Started with about 28M, so loading a 160M file with 2 million lines 
consumed 757M, or nearly 5X the size of the data. Same as what I see with 
pjstadig.utf8.




On Tuesday, October 28, 2014 4:50:04 PM UTC-7, Andy Fingerhut wrote:
>
> I am not certain whether Paul's intention was a lower memory footprint 
> than Java's strings, but I can't think of a strong reason to use his 
> library other than that.  Would you be willing to file an issue on Github 
> with your findings to see if he thinks there is a problem there?
>
> Also, his code itself may have some answers to your questions about how to 
> make new data structures satisfy some Clojure abstractions.
>
> Andy
>
> On Tue, Oct 28, 2014 at 3:57 PM, Brian Craft <craft...@gmail.com 
> <javascript:>> wrote:
>
>> Hm, I just tested it with a 160M file, split into 2 million strings. The 
>> memory footprint was substantially worse than String. With String I get 
>> about a 3.2X increase in memory footprint for this file, but with 
>> pjstadig.utf8 I get about 5X. Also, it's slower by orders of magnitude.
>>
>> On Tuesday, October 28, 2014 12:49:53 PM UTC-7, Andy Fingerhut wrote:
>>>
>>> Sorry, no feedback on your attempt, but a note that you may want to 
>>> check out Paul Stadig's utf8 library to see if it serves your purpose.  I 
>>> believe it should store text that fits within the ASCII subset into 1 byte 
>>> of memory per character, only using 2, 3, or 4 bytes for other Unicode 
>>> characters, depending on the code point.
>>>
>>> https://github.com/pjstadig/utf8
>>>
>>> Andy
>>>
>>> On Tue, Oct 28, 2014 at 12:24 PM, Brian Craft <craft...@gmail.com> 
>>> wrote:
>>>
>>>> Following up on the thread about the massive overhead of String, I 
>>>> tried writing a string collection type that stores strings as bytes, 
>>>> converting to String on-demand. It seems to work. Memory footprint and 
>>>> performance are good for the application.
>>>>
>>>> The hard part was trying to track down the correct interfaces and 
>>>> invocations. I note that "Clojure Programming" makes the same observation 
>>>> in the section about clojure abstractions: "such things are largely 
>>>> undocumented". I guess this situation hasn't improved? I had to proceed 
>>>> mostly by experimentation, and am still unclear on, for example, why I 
>>>> needed to use an interop call in some places (like cons), but should not 
>>>> in 
>>>> others.
>>>>
>>>> Would be happy for any feedback on this attempt:
>>>>
>>>> (deftype StringVec [pv]
>>>>   clojure.lang.IPersistentVector
>>>>   (seq [self] (map #(String. ^bytes %) pv))

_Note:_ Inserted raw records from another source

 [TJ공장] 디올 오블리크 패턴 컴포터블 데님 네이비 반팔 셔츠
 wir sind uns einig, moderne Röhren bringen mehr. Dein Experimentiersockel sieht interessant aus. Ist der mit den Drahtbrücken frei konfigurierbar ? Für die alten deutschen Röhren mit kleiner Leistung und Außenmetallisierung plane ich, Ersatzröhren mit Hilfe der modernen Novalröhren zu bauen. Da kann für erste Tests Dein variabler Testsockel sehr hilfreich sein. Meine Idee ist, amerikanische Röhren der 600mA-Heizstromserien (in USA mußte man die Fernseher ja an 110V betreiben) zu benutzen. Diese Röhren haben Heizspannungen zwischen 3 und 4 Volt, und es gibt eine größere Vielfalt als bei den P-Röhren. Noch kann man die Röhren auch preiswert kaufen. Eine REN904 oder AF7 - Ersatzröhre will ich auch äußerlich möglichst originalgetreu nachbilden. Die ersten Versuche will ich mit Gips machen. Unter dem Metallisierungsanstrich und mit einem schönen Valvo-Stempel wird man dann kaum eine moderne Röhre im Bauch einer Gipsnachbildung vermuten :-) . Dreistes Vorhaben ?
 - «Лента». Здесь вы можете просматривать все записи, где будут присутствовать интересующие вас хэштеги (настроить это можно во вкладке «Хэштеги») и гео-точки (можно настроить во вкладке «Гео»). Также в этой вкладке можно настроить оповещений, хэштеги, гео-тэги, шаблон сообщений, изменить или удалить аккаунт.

>>>>   (nth [self i] (String. ^bytes (.nth ^clojure.lang.IPersistentVector 
>>>> pv i)))
>>>>   (nth [self i notfound] (String. ^bytes (.nth 
>>>> ^clojure.lang.IPersistentVector 
>>>> pv i (.getBytes ^String notfound))))

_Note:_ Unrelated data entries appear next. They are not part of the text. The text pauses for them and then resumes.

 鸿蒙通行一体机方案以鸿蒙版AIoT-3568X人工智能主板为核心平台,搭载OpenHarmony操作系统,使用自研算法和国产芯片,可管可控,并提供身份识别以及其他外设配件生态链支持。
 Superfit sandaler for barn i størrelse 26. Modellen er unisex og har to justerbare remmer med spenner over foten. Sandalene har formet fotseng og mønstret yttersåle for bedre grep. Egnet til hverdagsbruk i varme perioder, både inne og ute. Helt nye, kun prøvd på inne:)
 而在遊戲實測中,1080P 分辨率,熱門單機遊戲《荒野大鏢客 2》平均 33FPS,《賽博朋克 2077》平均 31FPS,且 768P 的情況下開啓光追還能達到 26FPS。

>>>>   clojure.lang.ILookup
>>>>   (valAt [self i] (when-let [res (.valAt ^clojure.lang.IPersistentVector 
>>>> pv i)]
>>>>                     (String. ^bytes res)))
>>>>   (valAt [self i notfound] (String. ^bytes (.valAt 
>>>> ^clojure.lang.IPersistentVector 
>>>> pv i (.getBytes ^String notfound))))
>>>>   clojure.lang.ISeq
>>>>   (first [self] (String. ^bytes (first pv)))
>>>>   (next [self] (->StringVec (next pv)))
>>>>   (more [self] (->StringVec (rest pv)))
>>>>   (cons [self s] (->StringVec (.cons ^clojure.lang.IPersistentVector 
>>>> pv (.getBytes ^String s))))
>>>>   (count [self] (count pv))
>>>>   Object
>>>>   (toString [self] (str (into [] self))))
>>>>
>>>> (defn stringvec [coll]
>>>>   (into (->StringVec []) coll))
>>>>
>>>> (defmethod print-method StringVec [v, ^java.io.Writer w]
>>>>   (.write w (.toString ^StringVec v)))
>>>>
>>>> Speak of cons, I gather ISeq cons is unrelated to cons, the function, 
>>>> but rather is required for conj?
>>>>
>>>>  -- 
>>>> You received this message because you are subscribed to the Google
>>>> Groups "Clojure" group.
>>>> To post to this group, send email to clo...@googlegroups.com
>>>> Note that posts from new members are moderated - please be patient with 
>>>> your first post.
>>>> To unsubscribe from this group, send email to
>>>> clojure+u...@googlegroups.com
>>>> For more options, visit this group at
>>>> http://groups.google.com/group/clojure?hl=en
>>>> --- 
>>>> You received this message because you are subscribed to the Google 
>>>> Groups "Clojure" group.
>>>> To unsubscribe from this group and stop receiving emails from it, send 
>>>> an email to clojure+u...@googlegroups.com.
>>>> For more options, visit https://groups.google.com/d/optout.
>>>>
>>>
>>>  -- 
>> You received this message because you are subscribed to the Google
>> Groups "Clojure" group.
>> To post to this group, send email to clo...@googlegroups.com 
>> <javascript:>
>> Note that posts from new members are moderated - please be patient with 
>> your first post.
>> To unsubscribe from this group, send email to
>> clojure+u...@googlegroups.com <javascript:>
>> For more options, visit this group at
>> http://groups.google.com/group/clojure?hl=en
>> --- 
>> You received this message because you are subscribed to the Google Groups 
>> "Clojure" group.
>> To unsubscribe from this group and stop receiving emails from it, send an 
>> email to clojure+u...@googlegroups.com <javascript:>.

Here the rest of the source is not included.